Ten Democrats on the Senate Judiciary Committee sent a letter to Attorney General nominee Michael Mukasey today. You can read it here.

Shorter version: stop mincing words and condemn water boarding:

Your unwillingness to state that waterboarding is illegal may place Americans at risk of being subjected to this abusive technique. If the United States does not explicitly and publicly condemn waterboarding, it will be more difficult to argue that enemy forces cannot waterboard American prisoners. It also makes it more difficult for the United States to condemn repressive governments that use waterboarding on their own citizens. We are particularly troubled by recent reports that the Burmese military has used this form of torture against democracy activists. Human rights abuses such as this have rightly prompted the Administration to impose additional sanctions against the Burmese regime.

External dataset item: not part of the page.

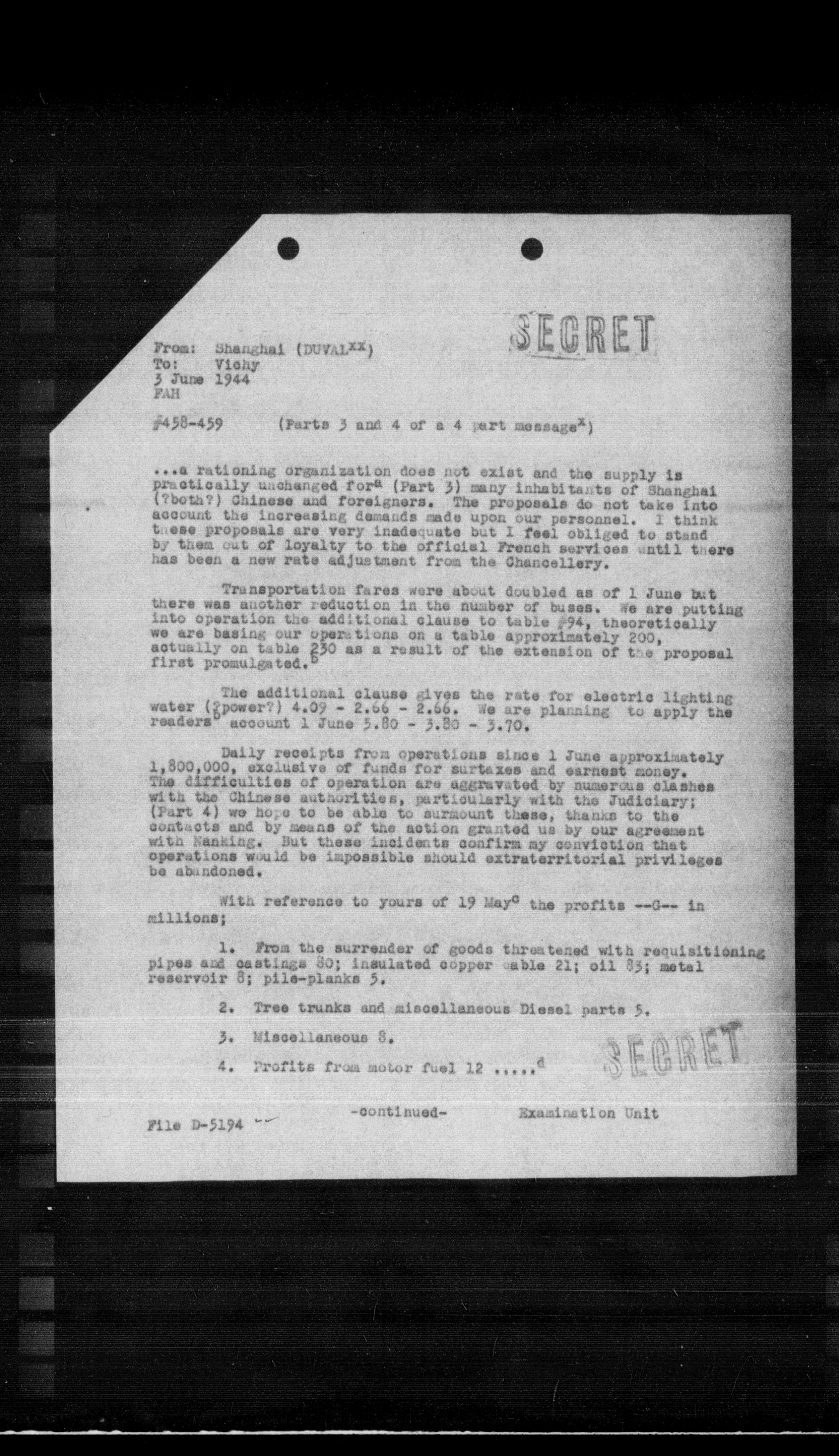...a rationing organization does not exist and the supply is practically unchanged for (Part 3) many inhabitants of Shanghai (Tbetn?) Chinese and foreigners. The proposals do not take into account the increasing demands made upon our personnel. I think these proposals are very inadequate but I feel obliged to stand by them out of loyalty to the official French services until there has been a new rate adjustment from the Chancellery.
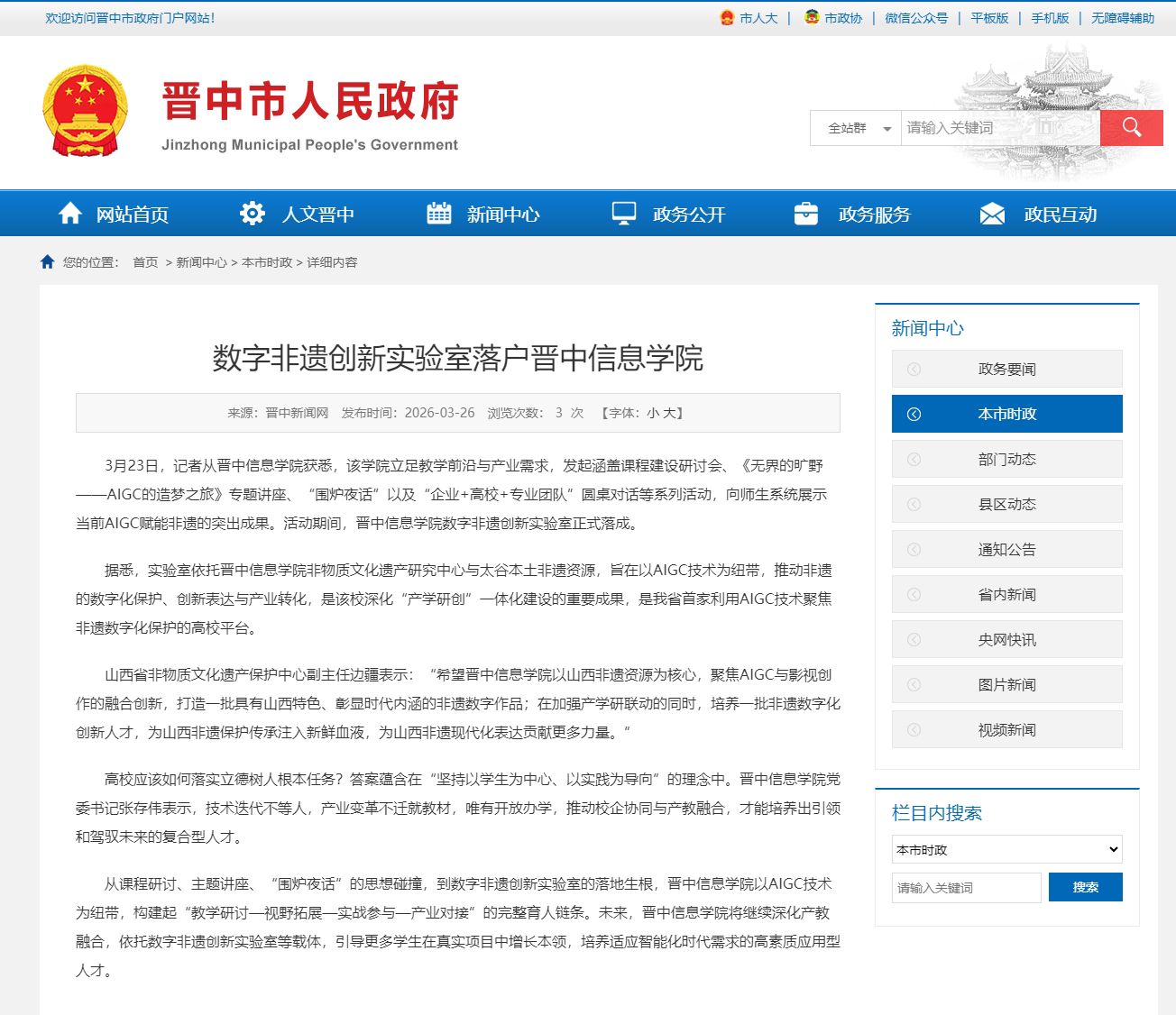 从课程研讨、主题讲座、“围炉夜话”的思想碰撞,到数字非遗创新实验室的落地生根,晋中信息学院以AIGC技术为纽带,构建起“教学研讨—视野拓展—实战参与—产业对接”的完整育人链条。未来,晋中信息学院将继续深化产教融合,依托数字非遗创新实验室等载体,引导更多学生在真实项目中增长本领,培养适应智能化时代需求的高素质应用型人才。

Please respond to the following question: Is the use of waterboarding, or inducing the misperception of drowning, as an interrogation technique illegal under U.S. law, including treaty obligations?

My latest thoughts on Mukasey and waterboarding are in a post I wrote this morning for Firedoglake on the mistrial in the terrorism funding charity trial.

Once Mukasey refused to say that waterboarding is torture, he lost his way home. I can just picture him leaving the confirmation hearing. He’s got a piece of the waterboard stuck on the sole of his shoe, like you know what, and no matter how many times he tries to scrape it off, it’s still there. The piece won’t leave Muckasey. It’s there to remind him that he’s one of them now. He’s solid with the Administration’s refusal to promise to discontinue waterboarding.